[NIPS2024] UDA: A Benchmark Suite for Retrieval Augmented Generation in Real-world Document Analysis
UDA (Unstructured Document Analysis) is a benchmark suite for Retrieval Augmented Generation (RAG) in real-world document analysis.
Each entry in the UDA dataset is organized as a document-question-answer triplet, where a question is raised from the document, accompanied by a corresponding ground-truth answer.
To reflect the complex nature of real-world scenarios, the documents are retained in their original file formats (like PDF) without parsing or segmentation; and they always consist of both textual and tabular data.
Begin by setting up the necessary libraries and source codes:
git clone [email protected]:qinchuanhui/UDA-Benchmark.git
cd UDA-Benchmark
pip install -r requirements.txt
For a quick introduction to the functionalities of our benchmark suite, please refer to the basic_demo.ipynb notebook. It outlines a standard workflow for document analysis using our UDA-QA dataset.
The demonstration encompasses several essential steps:
- Prepare the question-answer-document triplet
- Extract and segment the document content
- Build indexes and retrieve the data segments
- Generate the answering reponses with LLMs
- Evaluate the accuracy of the reponses using the specific metric.
Date: 12-26-2024
Fix the version issue of the Wikipedia pages, which are used in the FetaQA dataset.
Date: 09-28-2024
Our paper, "UDA: A Benchmark Suite for Retrieval Augmented Generation in Real-world Document Analysis", has been accepted by NeurIPS'24.
Date: 09-05-2024
Add more well-parsed annotated tables for the PaperTab dataset.
Each entry within the UDA dataset is organized as a document-question-answer pair.
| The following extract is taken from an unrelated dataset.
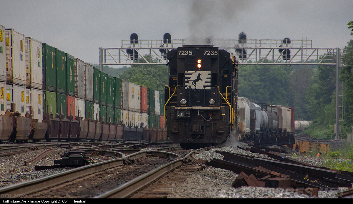 A pair of SD70ACu locomotives, both facing east, shove hard on 12G as the finish their uphill battle over the west slope. The full interlocking of "CP-MO" is in view, showing off the new 5 track signal bridge guarding the east end of the interlocking. Long trains, SD70ACu helpers, and new signals are the new norm on NS's Pittsburgh Line.

A typical data point may look like:
{ 'doc_name': 'ADI_2009', # a financial report
'q_uid': 'ADI/2009/page_59.pdf-2', # unique question id
'question': 'What is the expected growth rate in amortization expense in 2010?',
'answer_1': '-27.0%',
'answer_2': ' -0.26689'}
The UDA dataset comprises six subsets spanning finance, academia, and knowledge bases, encompassing 2965 documents and 29590 expert-annotated Q&A pairs (more details in HuggingFace). The following table shows an overview of sub-datasets in UDA and their statistics.
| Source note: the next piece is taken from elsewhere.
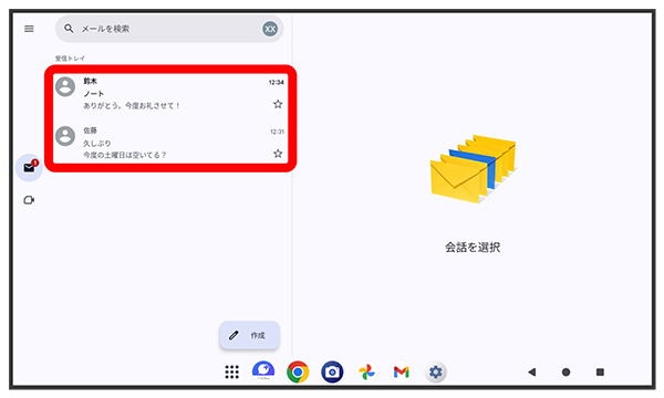 メール一覧画面で未読にするメールをロングタッチメールを削除する

Sub Dataset (Source Domain) |
Doc Format | Doc Num | Q&A Num | Avg #Words | Avg #Pages | Total Size | Q&A Types |
---|---|---|---|---|---|---|---|
FinHybrid (Finance) | 788 | 8190 | 76.6k | 147.8 | 2.61 GB | arithmetic | |
TatHybrid (Finance) | 170 | 14703 | 77.5k | 148.5 | 0.58 GB | extractive, counting, arithmetic | |
PaperTab (Academia) | 307 | 393 | 6.1k | 11.0 | 0.22 GB | extractive, yes/no, free-form | |
PaperText (Academia) | 1087 | 2804 | 5.9k | 10.6 | 0.87 GB | extractive, yes/no, free-form | |
FetaTab (Wikipedia) | PDF & HTML | 878 | 1023 | 6.0k | 14.9 | 0.92 GB | free-form |
NqText (Wikipedia) | PDF & HTML | 645 | 2477 | 6.1k | 14.9 | 0.68 GB | extractive |
For the Q&A labels, they are accessible either through the csv files in the dataset/qa directory or by loading the dataset from the HuggingFace repository qinchuanhui/UDA-QA
. The basic usage and format conversion can be found in basic_demo.ipynb.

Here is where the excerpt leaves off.